The industry obsesses over Mean Time to Detect (MTTD) and Mean Time to Resolve (MTTR), but there's a critical metric in between that often gets overlooked: Mean Time to Investigate (MTTI). This is the gap between knowing something is broken and understanding why it's broken.

Traditional incident response spends the majority of time in this investigation phase, manually following runbooks, querying systems, and correlating signals. By the time you understand the root cause, you've already burned through the minutes that matter most for customer impact.

That's why we built Project Viveka, a multi-agent AI system that automates the entire investigation workflow. When an alert fires, Viveka orchestrates specialist agents across our observability stack, correlates evidence, and produces a structured root cause analysis with supporting data in under 90 seconds.

The name comes from Sanskrit meaning "discernment" or "wisdom," which felt appropriate for a system designed to cut through observability noise and find signal.

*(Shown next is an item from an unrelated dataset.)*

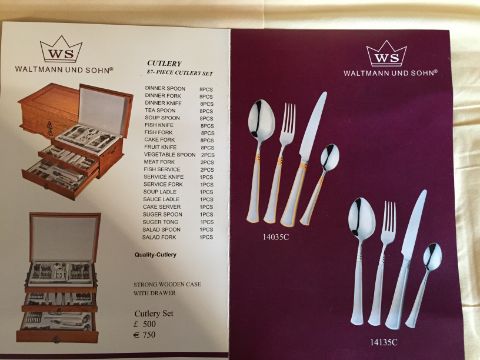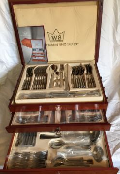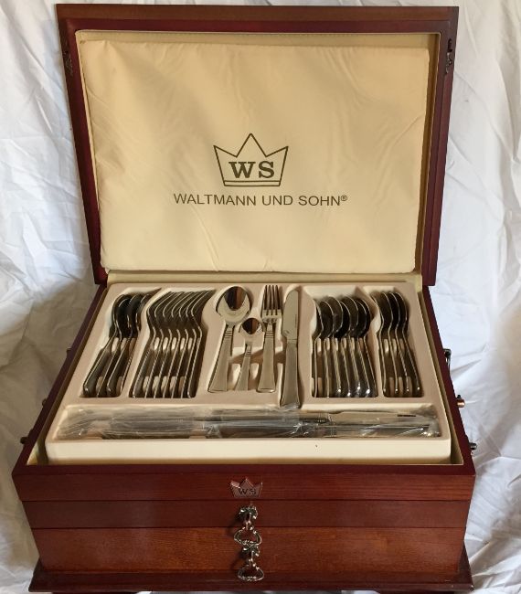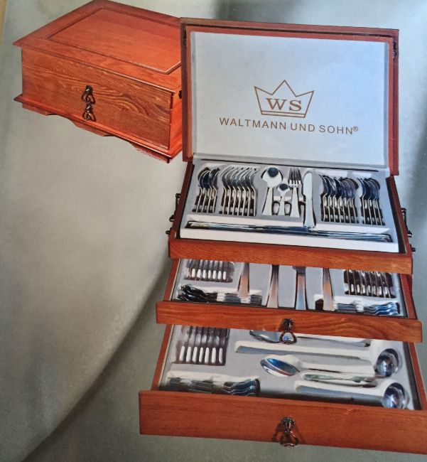 Waltmann & Sohn 87 Piece Dining Experience, Presented in a Lovely Oak Cabinet with 2 Draws – RRP £500.00 BRAND NEW COMPLETE SET This 87 piece comprehensive dining set comes with just about everything you need or would need for the complete dining experience. This satin finish stainless steel set comes well displayed in a purpose built oak two draw cabinet. This lovely well made set would grace the best of homes. • Complete and extensive dining cutlery set. • 87 Piece comprehensive set. • Stainless steel finish. • Display case with upper tray and two further draws. • Oak two draw cabinet.

The Investigation Problem: When Manual Triage Doesn't Scale

Before diving into how Viveka works, let's talk about why incident investigation is so painful at scale. The challenge isn't having too little data; it's having too much data in too many disconnected systems, and needing human intelligence to connect the dots.

Our observability stack spans multiple systems. Zenduty handles alert routing and incident coordination. Grafana and VictoriaMetrics provide metrics dashboards and PromQL queries. Coralogix aggregates logs from hundreds of services. Kubernetes provides pod health and deployment information. AWS surfaces infrastructure-level signals about compute, load balancers, and networking. Each system has valuable information, but they don't talk to each other automatically.

When an alert fires for something like "Payment success rate dropped below 50%," an engineer follows a mental runbook. Check recent deployments. Look at error logs. Examine pod restarts. Query database metrics. Check downstream dependencies. Cross-reference all these signals to form a hypothesis about what's wrong.

This manual correlation is where time disappears. Each check takes minutes, involves context switching between tools, and requires the engineer to remember how different signals relate to each other. Moreover, the quality of investigation depends heavily on who's on-call. Experienced engineers know exactly which signals matter for which alerts. Junior engineers might check irrelevant systems or miss critical correlations. This inconsistency means similar incidents get diagnosed differently depending on who's investigating.

The consequences are measurable. High MTTI because no system automatically correlates signals across observability tools. Engineers spend 20-40 minutes just figuring out what's wrong before they can start fixing it. Inconsistent diagnosis because different engineers investigate the same symptoms differently. Knowledge silos because the correlation logic lives in people's heads rather than documented playbooks. After-hours pain because automated systems can detect problems but can't explain them, requiring human intervention regardless of the hour.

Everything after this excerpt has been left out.